Without those three logs, your incident timeline is a guess.

Containing an agent

A human attacker has one identity, a finite number of sessions, a known credential set. You can contain them.

An agent has many sessions, many input sources, and a context window shaped by every document it has read. Containing it has three layers.

Pause the runtime — stop new sessions, halt tool calls in active sessions. This is the equivalent of pulling a host off the network.

Quarantine the inputs — every document, ticket, email, or page the agent consumed in the affected window. Remove them from retrieval indexes. Even if they look harmless, leaving them in is how re-infection happens.

Reset agent state — clear the conversation memory of all sessions, including ones that look clean. The attacker may have written instructions like "do not act yet — wait until X happens." Skipping this step is how teams get re-breached four weeks later.

Do not pull the plug

If you treat the agent like a compromised host and kill the process, you lose evidence you cannot recover.
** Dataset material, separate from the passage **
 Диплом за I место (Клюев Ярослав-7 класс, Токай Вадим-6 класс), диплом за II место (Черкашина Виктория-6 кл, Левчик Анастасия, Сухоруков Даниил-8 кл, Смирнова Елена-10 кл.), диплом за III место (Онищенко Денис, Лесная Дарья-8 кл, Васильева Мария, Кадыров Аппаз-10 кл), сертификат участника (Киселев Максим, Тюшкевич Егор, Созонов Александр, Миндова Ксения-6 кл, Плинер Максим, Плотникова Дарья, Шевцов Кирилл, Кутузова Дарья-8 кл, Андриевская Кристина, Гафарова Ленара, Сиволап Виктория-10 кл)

Specifically: the in-memory conversation state for active sessions (most agents do not persist this to disk), the working context the model actually saw, and any decisions the model considered but did not act on (these are signals about how close the attacker got).

The right move is to pause and snapshot, not kill. Modern agent platforms have a pause-and-export capability built in. If yours does not, that is a gap to close before the next incident.
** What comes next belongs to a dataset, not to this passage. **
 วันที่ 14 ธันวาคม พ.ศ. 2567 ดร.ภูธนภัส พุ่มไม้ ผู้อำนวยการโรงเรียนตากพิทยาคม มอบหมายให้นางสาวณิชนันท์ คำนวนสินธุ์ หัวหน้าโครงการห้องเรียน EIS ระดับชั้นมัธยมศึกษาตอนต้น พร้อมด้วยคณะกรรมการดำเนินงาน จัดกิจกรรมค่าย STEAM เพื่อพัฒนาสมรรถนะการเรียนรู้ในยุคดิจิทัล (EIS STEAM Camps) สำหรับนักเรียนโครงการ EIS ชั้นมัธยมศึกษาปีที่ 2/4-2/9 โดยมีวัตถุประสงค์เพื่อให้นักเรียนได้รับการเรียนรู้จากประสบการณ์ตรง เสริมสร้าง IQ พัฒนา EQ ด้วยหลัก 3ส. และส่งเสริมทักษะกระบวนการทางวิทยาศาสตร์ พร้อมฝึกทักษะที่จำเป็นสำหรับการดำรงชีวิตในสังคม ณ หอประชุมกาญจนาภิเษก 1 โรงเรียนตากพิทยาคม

What to tell regulators and customers

Regulators have started asking AI-specific questions that older breach-notification templates do not cover. Three keep coming up.

Was the exfiltrated data in the model's training set? The answer is usually no, but you should be able to prove it.

What other systems read the same inputs as the compromised agent? Regulators ask this because a poisoned document can affect every system that ingested it, not just the one that triggered an alert.

How did you verify the agent's other sessions were not also compromised? "We checked the logs" is no longer enough when the threat model assumes patient, multi-session attacks.

Draft your disclosure language now, when nothing is on fire. Run it through legal once a year. The first time you write it during an incident, it will read like it was written during an incident.

Why patching the prompt is not the answer

After most incidents, the post-mortem identifies a missing control or unpatched bug. After an AI incident, the natural reach is "update the system prompt" or "fine-tune the model to refuse instructions like that."

Both help. Neither is enough. Every new prompt injection technique evades the last fix. Fine-tuning makes the model refuse one variant and stay vulnerable to ten others. The root cause is architectural: as long as untrusted text re-enters the model's context, the next attack will work.

The durable fixes are not glamorous. Filter what comes back from tools before the model sees it. Authorize every tool call as the user. Allow-list which tools each agent can use. Monitor egress at the network. These survive new prompt-injection variants.

Three tabletops to run this quarter

Every mature SOC runs tabletops for ransomware, business email compromise, and insider threat. Few run them for AI incidents — partly because the threat model is new, partly because the team is still learning it.

Three scenarios worth practicing.

The customer-support agent: a ticket contains hidden instructions, the agent reads it, the agent emails customer data to the attacker. Walk through detection, containment, communication, recovery.

The internal knowledge-base agent: somebody edits an internal wiki with hidden instructions. The agent reads the wiki later, for a different question, and acts on the instructions. Test whether your retrieval logs can trace which session was affected.

The third-party tool server: a server your agent uses gets compromised. The server changes its tool descriptions to redirect calls to the attacker. Test whether you can detect the change and find every affected session.

The goal is not a new playbook for every scenario. The goal is to find the three or four gaps in your existing playbook before a real incident finds them for you.